[CHAPTER VII.]
CONCERNING SOME OF THE POPULAR MISCONCEPTIONS AND MISREPRESENTATIONS TO WHICH THE POST-OFFICE IS LIABLE.

The Post-Office, from its peculiar organization and the nature of its business, is liable to many misconceptions from which the other great Government Departments are more or less free. In one of the reports of the Postmaster-General, many of these misunderstandings are recounted and answered with an evident endeavour to bring about a better feeling between the people and the people's Post-Office. We cannot do better than refer here to a few of the instances given, supplementing them by more which have been suggested to us from that consideration of the entire economy of the Post-Office, into which we have been led in dealing with our subject.

1. Unquestionably, the Post-Office is blamed for many errors and shortcomings which ought never to have been charged against it.
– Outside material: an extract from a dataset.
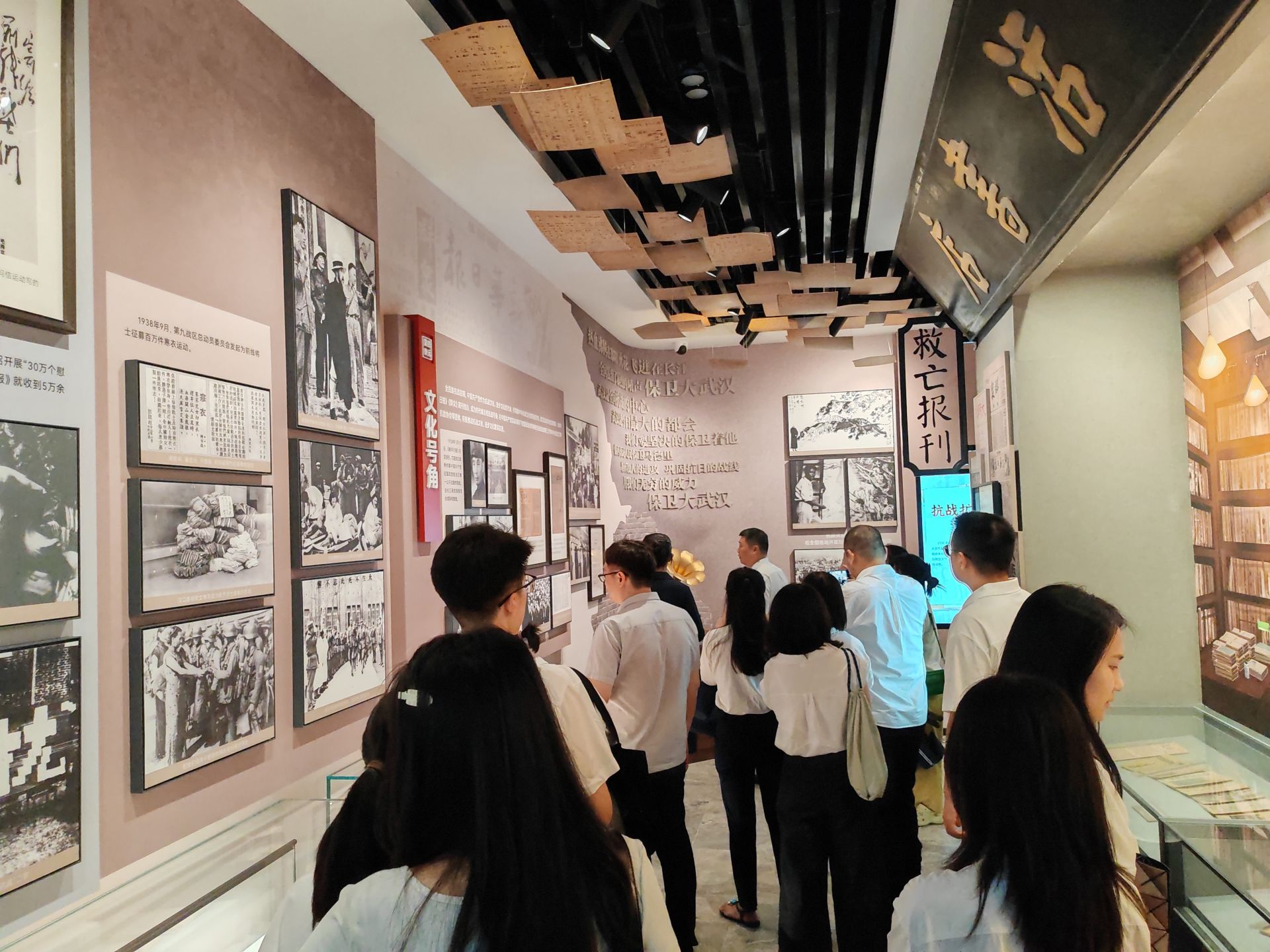 “生活書店” 場景則以漢口分店為原型,復刻藍底白字的 “交通路63號” 門牌與1938年初版《魯迅全集》書脊,展柜內的抗戰(zhàn)書籍搭配互動抽拉裝置、多媒體查詢屏,方便觀眾查閱當年武漢發(fā)行的報刊雜志細節(jié)。展覽尾廳的 “V 字勝利墻”,匯集1945年各國報刊關于日本投降的新聞標題與多語言 “日本投降” 字樣,成為觀眾打卡留念、感悟勝利意義的熱門點位。

On this important point, the evidence given by each Post-Office Report is remarkably clear, although, by the way, a writer in a recent number of a highly respectable quarterly review regards the instances given by successive Postmaster-Generals as so many "testimonials to character," reminding him—so he scurvily added—of nothing so much as "the testimonials given by dyspeptic noblemen in favour of the Revalenta Arabica or Holloway's Pills and Ointment."[196] Of course, much trouble and many losses must, from time to time and at all times, have been caused by the carelessness or dishonesty of some of many thousand officials of the Post-Office, though the cases are far from few, and the authorities, in which it has been shown, to the satisfaction even of the complainant, that the fault at first attributed to the Post-Office rested really in other quarters. Some examples are afforded. The publisher of one of the London papers complained of the repeated loss in the Post-Office of copies of his journal, addressed to persons abroad. An investigation showed that the abstraction was made by the publisher's clerk, his object apparently being to appropriate the stamps required to defray the foreign postage. In another case, a general complaint having arisen as to the loss of newspapers sent to the chief office in St. Martin's-le-Grand, the investigation led to the discovery of a regular mart held near the office, which was supplied with newspapers by the private messengers employed to convey them to the post. Again: A man was detected once in robbing a newsvendor's cart by volunteering, on its arrival at the entrance of the General Post-Office, to assist the driver in posting the newspapers. Instead of doing so, however, he walked through the hall with those intrusted to him, and, upon his being stopped, three quires of a weekly paper were found in his possession.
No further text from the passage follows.